Assistant professor of engineering

Mandar Dewoolkar's teaching is not dramatic — drama is hard to come by when elucidating the complex engineering analysis of earth materials — it's just effective. "It is hard to motivate students while teaching difficult material. It is hard to be creative," he says. The subject at hand is a technical discussion of a method of limiting equilibrium of slope stability, hardly cocktail party fodder, but the give and take is lively.

"I hear and I forget, I see and I remember, I do and I understand."

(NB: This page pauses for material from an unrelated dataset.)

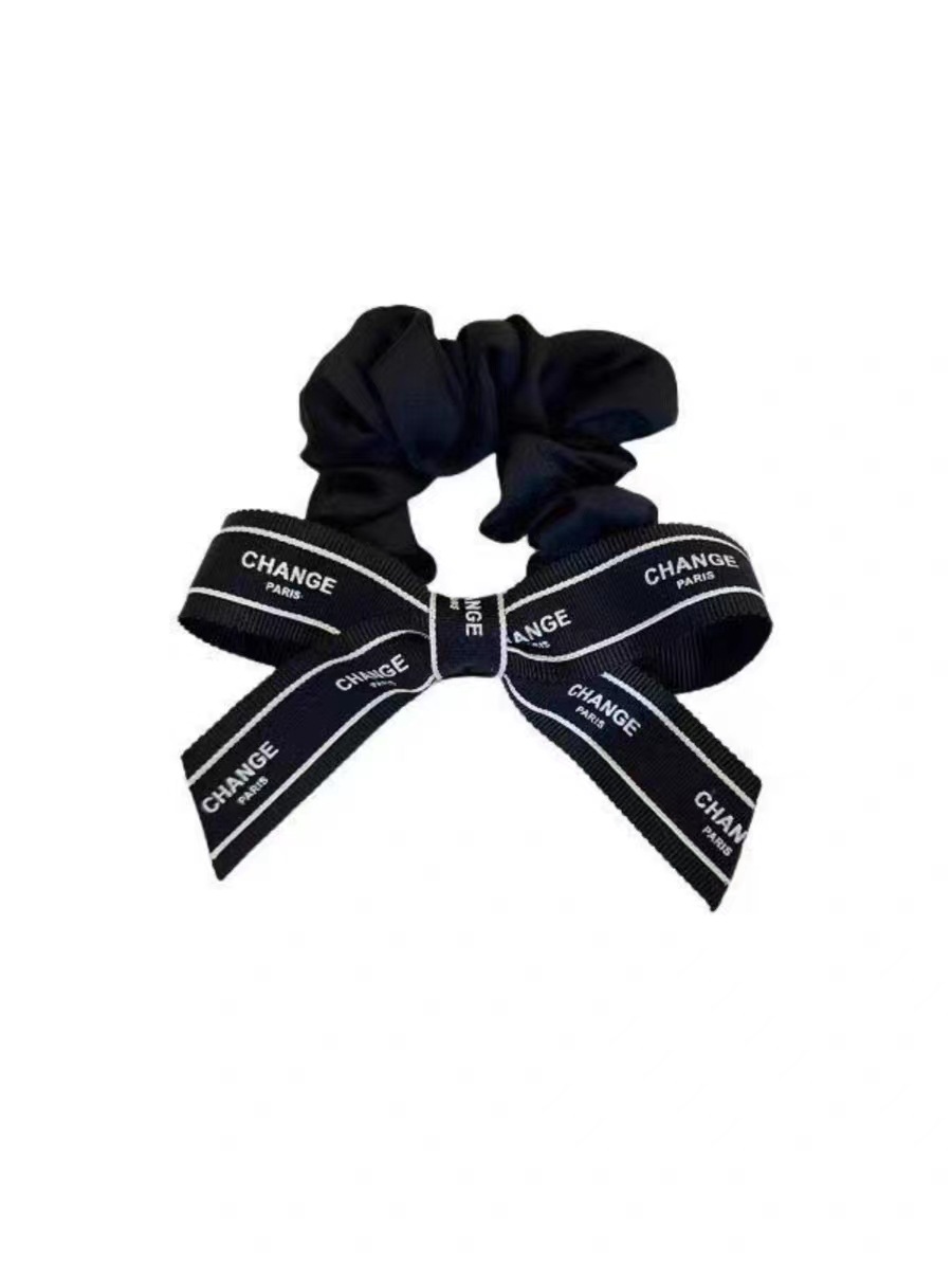 [black] bow letter hair ring

Reflection and service are crucial parts of Dewoolkar's teaching. He values rigor and theory, but he also wants his students — even undergraduates — to apply their knowledge to practical problems. He sees doing as a path to knowing. Or, as a Chinese proverb Dewoolkar quotes in a recent paper puts it, "I hear and I forget, I see and I remember, I do and I understand."

Service-learning projects

Dewoolkar's geotechnical design students work on semester-long service-learning projects in groups of four or five students, using historic structures in Vermont to analyze various engineering problems. They collaborate with community partners from site visits to final presentations, which range beyond engineering to take in historic preservation, societal needs and economic factors.

Dewoolkar says that last year many students volunteered during formal course evaluations that they liked the service-learning aspects of the course best, and that community partners have adopted some of the low-cost recommendations made by the students.